Why does my intuition fail? The integral from $-a$ to $a$ of $x^3$ is always $0$, so why doesn't this hold for bounds of $-\infty$ to $\infty$? I understand how the math checks out (improper integrals), but instinctively this result makes no sense. Can anyone give me an intuitive explanation of this solution?
Going into details of Rene Schipperus' comment:
$\int_{a}^b x^3 dx = \frac {x^4}4|_{a}^b = \frac {b^4 - a^4}4$.
So $\int_{-\infty}^{\infty}x^3 dx = \lim\limits_{a\to -\infty,b\to \infty}\frac {b^4 - a^4}4$ which is undefined as the nature of $a\to -\infty,b\to \infty$ may vary.

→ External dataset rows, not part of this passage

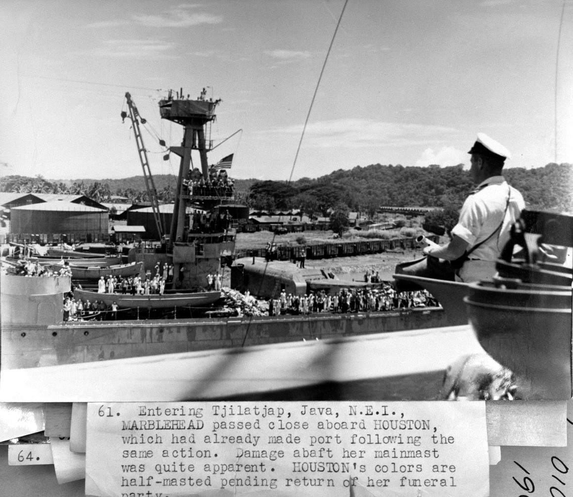 "HOUSTON (CA 30) at Tjilatjap, Java, February 1942, as seen from USS MARBLEHEAD (CL 12). The damage to HOUSTON's aft gunhouse may not appear dramatic, but almost six dozen men were killed & wounded. The armored cover to her turret rangefinder has been blown off in the blast along with the outer doors. Outlines of life-rafts that were destroyed are evident in the paint atop the turret. Over 200 small fragments perforated the side of the gunhouse itself, which led to the fires which gutted the interior and killed most of the turret's gun crew. The turret was already trained out at 30 degrees when the bomb struck, and the damage froze it temporarily in that position." NARA II photo from Marblehead's Action Reports |
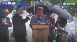 致辞时下起了大雨,哈里立刻暗示旁边想给他撑伞的官员:“你走开,我要我老婆给我撑。”
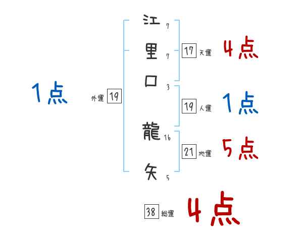 江里口龍矢さんの画数の鑑定結果

We could say $\lim\limits_{a\to \infty}\int_{-a}^a x^3 dx = 0$.
But we cold also say $\lim\limits_{a\to \infty}\int_{-a}^{2a} x^3 dx = \lim\limits_{a\to \infty} \frac {(2a)^4 - a^4}4 = \lim\limits_{a\to \infty} a^4\frac {16-1}4 = \infty$.
or $\lim\limits_{a\to \infty}\int_{-2a}^{a} x^3 dx = \lim\limits_{a\to \infty} \frac {a^4 - (2a)^4}4 = \lim\limits_{a\to \infty} a^4\frac {1-15}4 = -\infty$